(Records from a collection)
<<<<

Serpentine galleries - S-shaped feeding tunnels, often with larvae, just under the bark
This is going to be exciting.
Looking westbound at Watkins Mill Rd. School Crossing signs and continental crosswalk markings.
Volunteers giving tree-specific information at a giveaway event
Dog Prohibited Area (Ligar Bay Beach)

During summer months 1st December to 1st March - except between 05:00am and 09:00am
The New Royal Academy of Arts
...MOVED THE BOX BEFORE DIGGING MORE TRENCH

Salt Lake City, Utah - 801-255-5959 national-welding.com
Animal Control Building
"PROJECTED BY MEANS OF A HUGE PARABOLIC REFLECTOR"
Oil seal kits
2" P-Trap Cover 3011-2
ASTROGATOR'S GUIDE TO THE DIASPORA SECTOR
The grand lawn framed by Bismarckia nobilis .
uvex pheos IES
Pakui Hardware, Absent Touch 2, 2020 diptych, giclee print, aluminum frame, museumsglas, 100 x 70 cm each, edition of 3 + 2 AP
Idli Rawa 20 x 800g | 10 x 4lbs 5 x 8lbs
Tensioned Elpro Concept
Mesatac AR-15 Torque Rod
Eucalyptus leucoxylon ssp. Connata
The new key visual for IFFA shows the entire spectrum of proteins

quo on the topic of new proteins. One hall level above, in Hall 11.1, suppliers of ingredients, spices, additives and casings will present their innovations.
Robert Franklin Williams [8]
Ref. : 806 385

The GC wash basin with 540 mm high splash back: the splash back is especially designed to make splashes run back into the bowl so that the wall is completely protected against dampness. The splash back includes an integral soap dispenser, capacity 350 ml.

>>>>
<<<<

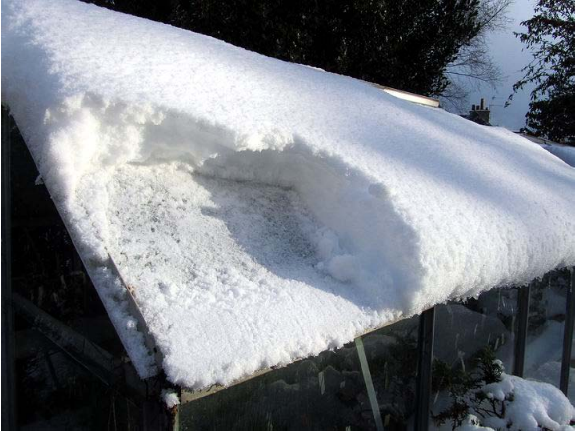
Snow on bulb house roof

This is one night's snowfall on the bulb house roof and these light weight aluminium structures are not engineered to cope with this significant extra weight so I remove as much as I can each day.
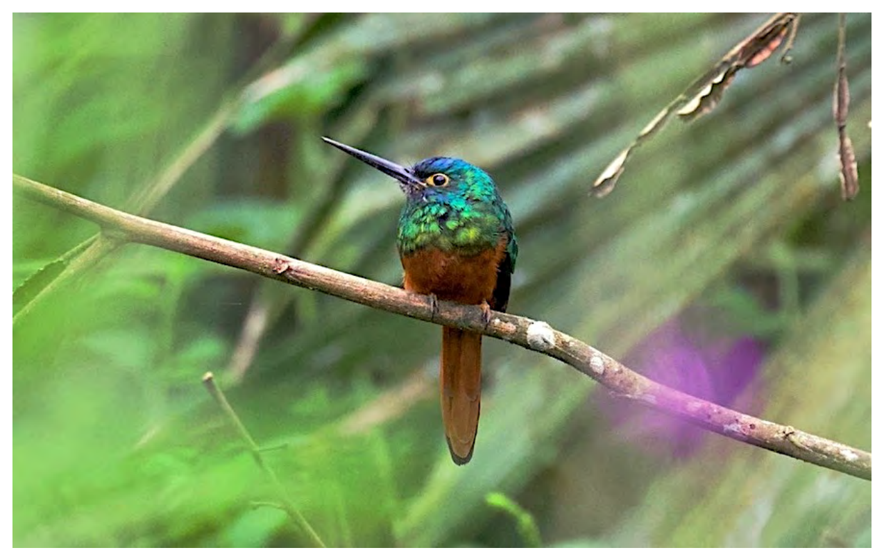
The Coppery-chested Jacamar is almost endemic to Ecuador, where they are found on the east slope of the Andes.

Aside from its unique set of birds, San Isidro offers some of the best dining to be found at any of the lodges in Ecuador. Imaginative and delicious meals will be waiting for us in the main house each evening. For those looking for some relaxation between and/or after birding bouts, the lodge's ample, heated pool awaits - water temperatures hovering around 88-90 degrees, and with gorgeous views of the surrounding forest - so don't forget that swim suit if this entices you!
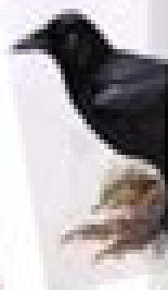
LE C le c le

>>>>

◆ **Task brief**
Find the number of lines in the data above that contain "Ecuador". Please give that number alone.

◆ **Answer for the task**
2